良好で快適な環境を享受することは、府民の基本的な権利であり、ここに、人のこころがかよいあう豊かな環境の保全と創造に向けて、府民の総意としてこの条例を制定する。

第一章 総則

(目的)

第一条 この条例は、豊かな環境の保全及び創造に関し、府、事業者及び府民の責務を明らかにするとともに、豊かな環境の保全及び創造に関する施策の基本となる事項を定め、これに基づく施策を総合的かつ計画的に推進し、もって現在及び将来の府民の健康で文化的な生活の確保に資することを目的とする。

(平二五条例四七・一部改正)

(定義)

第二条 この条例において、次の各号に掲げる用語の意義は、当該各号に定めるところによる。

 環境への負荷 人の活動により環境に加えられる影響であって、環境の保全上の支障の原因となるおそれのあるものをいう。

 地球環境保全 人の活動による地球全体の温暖化又はオゾン層の破壊の進行、海洋の汚染、野生生物の種の減少その他の地球の全体又はその広範な部分の環境に影響を及ぼす事態に係る環境の保全であって、人類の福祉に貢献するとともに府民の健康で文化的な生活の確保に寄与するものをいう。

(府の責務)

第三条 府は、豊かな環境の保全及び創造に関する総合的な施策を策定し、及びこれを実施する責務を有する。
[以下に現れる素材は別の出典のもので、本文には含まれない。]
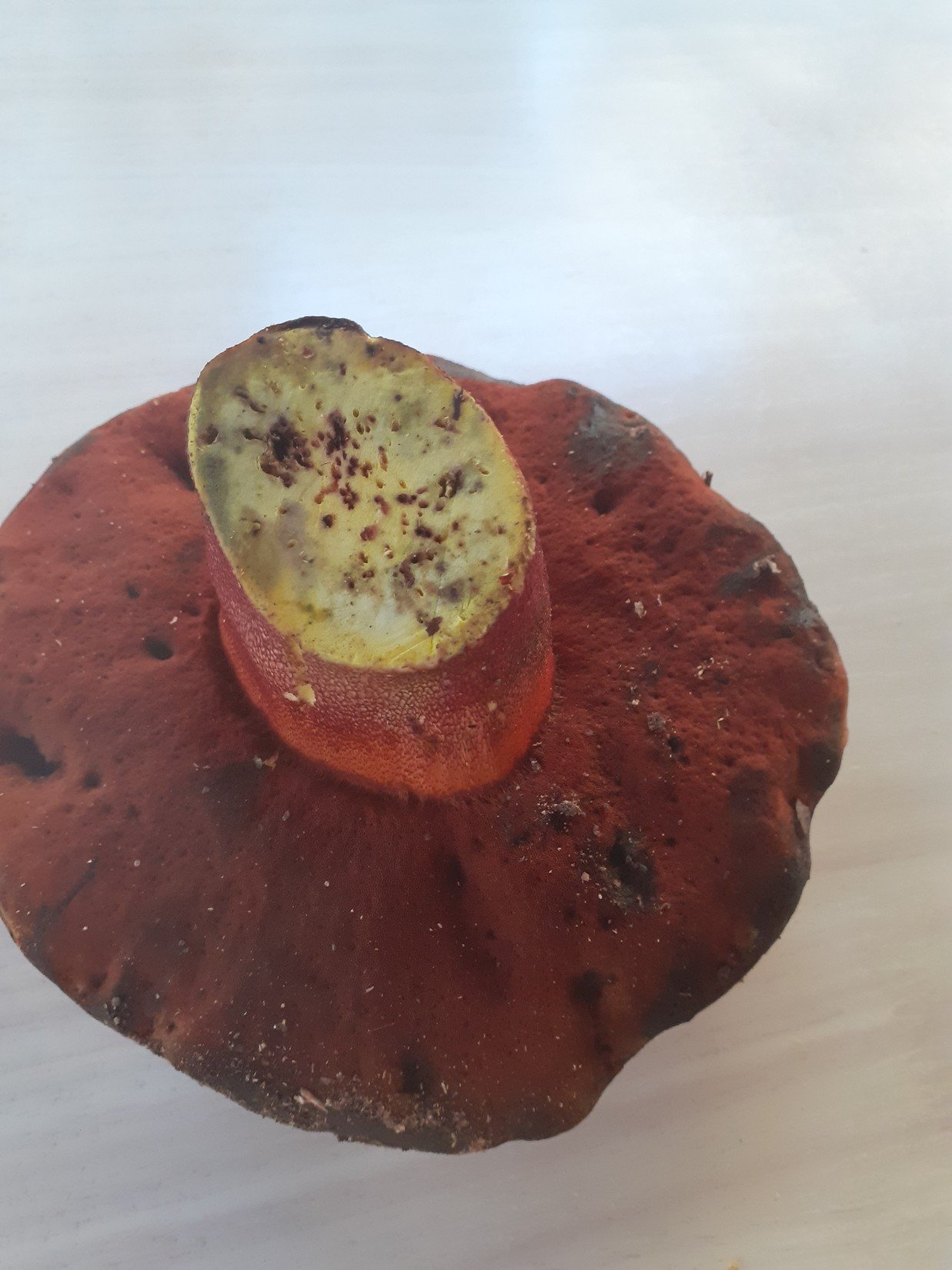 Juste une question sur la proposition de Nommo, sur Mycodb la chair est censée bleuir à la coupe, ce qui ne semble pas être le cas sur le pied coupé de notre spécimen. Cela invalide-t-il sa proposition ?

2 府は、前項の施策の策定及び実施に当たっては、国及び他の地方公共団体との連絡調整を緊密に行うよう努めるものとする。

(事業者の責務)

第四条 事業者は、その事業活動を行うに当たっては、これに伴う環境への負荷の低減その他環境の保全に資するため必要な措置を講ずる責務を有する。

2 前項に定めるもののほか、事業者は、その事業活動に関し、豊かな環境の保全及び創造に資するよう自ら積極的に努めるとともに、府又は市町村が実施する豊かな環境の保全及び創造に関する施策に協力する責務を有する。

(平二五条例四七・旧第五条繰上)

(府民の責務)

第五条 府民は、その日常生活において、豊かな環境の保全及び創造に資するよう自ら積極的に努めるとともに、府又は市町村が実施する豊かな環境の保全及び創造に関する施策に協力する責務を有する。

(平二五条例四七・旧第六条繰上)

第二章 豊かな環境の保全及び創造に関する基本的施策

第一節 施策の基本方針等

(施策の基本方針)

第六条 府は、第一条の目的を達成するため、次に掲げる基本方針に基づく施策を総合的かつ計画的に推進するものとする。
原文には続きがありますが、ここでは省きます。